Third group (S3): This group contains type (c), and the used strategies are GA, DE/current_to_rand_1 and DE/current-to-opbest/1. For type (c), which can be considered as the combination of type (a) and type (e). Some solutions could be used to improve the performance directly, and the remaining partial solutions need some new search directions. Thus, for S3, GA, DE/current_to_rand_1 and DE/current-to-opbest/1 are more suitable.
第三组( S3 ):这一组包含类型(c),使用的策略有 GA、DE/current_to_rand_1 和 DE/current-to op best/1。 对于类型(c),可以认为是类型(a)和类型(e)的组合。有些方案可以直接用来提高性能,剩下的部分方案则需要一些新的搜索方向。因此,对于 S3 ,GA、DE/current_to_rand_1 和 DE/current-to- op best/1 更为合适。
Fourth group (S4): This group contains type (e), and the used strategies are DE/current_to_rand_1 and GA. For type (e), the location and distribution of the potential UPS and CPS are close to each other. The unconstrained subpopulation can be directly used to improve the diversity and distribution of the corresponding constrained subpopulation. DE randomly selects individuals from unconstrained population, which can improve the diversity. GA has a stronger convergence ability. GA has a stronger convergence ability. Thus, DE/current_to_rand_1 and GA are adopted to guide the evolution of unconstrained subpopulation to find more feasible solutions.
第四组 ( S4 ):该组包含类型(e),使用的策略是 DE/current_too_rand_1 和 GA。对于类型(e),潜在 UPS 和 CPS 的位置和分布相互接近。无约束子群可直接用于改善相应约束子群的多样性和分布。DE 从无约束子群中随机选择个体,可以提高多样性。GA 具有更强的收敛能力。GA 具有更强的收敛能力。因此,采用 DE/current_to_rand_1 和 GA 来引导无约束子群的演化,以找到更多的可行解。

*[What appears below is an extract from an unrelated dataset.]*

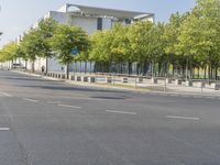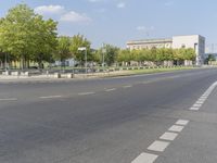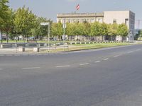 A modern cityscape in Berlin, Germany, featuring a variety of urban elements such as a building, a tree, a road, asphalt, a window, infrastructure, a cloud, a street light, a fence, a motor vehicle, public space, a flag, and a curve. Europe lies in the background with a clear sky and a land lot of tar and vegetation.

3.5. Complexity of the SCCMMO framework
3.5.SCCMMO 框架的复杂性

The complexity of SCCMMO is composed of subspace generation, environmental selection and subspace-type perception. Specifically, the complexity of subspace generation is O (NsmN2), where m is the number of decision variables, Ns is the number of subpopulation, and N is the number of individuals. The worst complexity of environmental selection is O (mN2). For the subspace-type perception, the worst complexity is O (mN2). Therefore, for SCCMMO, the total computational complexity is O (NsmN2).
SCCMMO 的复杂度由子空间生成、环境选择和子空间类型感知三部分组成。具体来说,子空间生成的复杂度为 O ( NsmN2 ) ,其中 m 为决策变量数, Ns 为子群体数, N 为个体数。环境选择的最差复杂度为 O ( mN2 ) 。对于子空间型感知,最差复杂度为 O ( mN2 )。因此,对于 SCCMMO,总计算复杂度为 O ( NsmN2 ) 。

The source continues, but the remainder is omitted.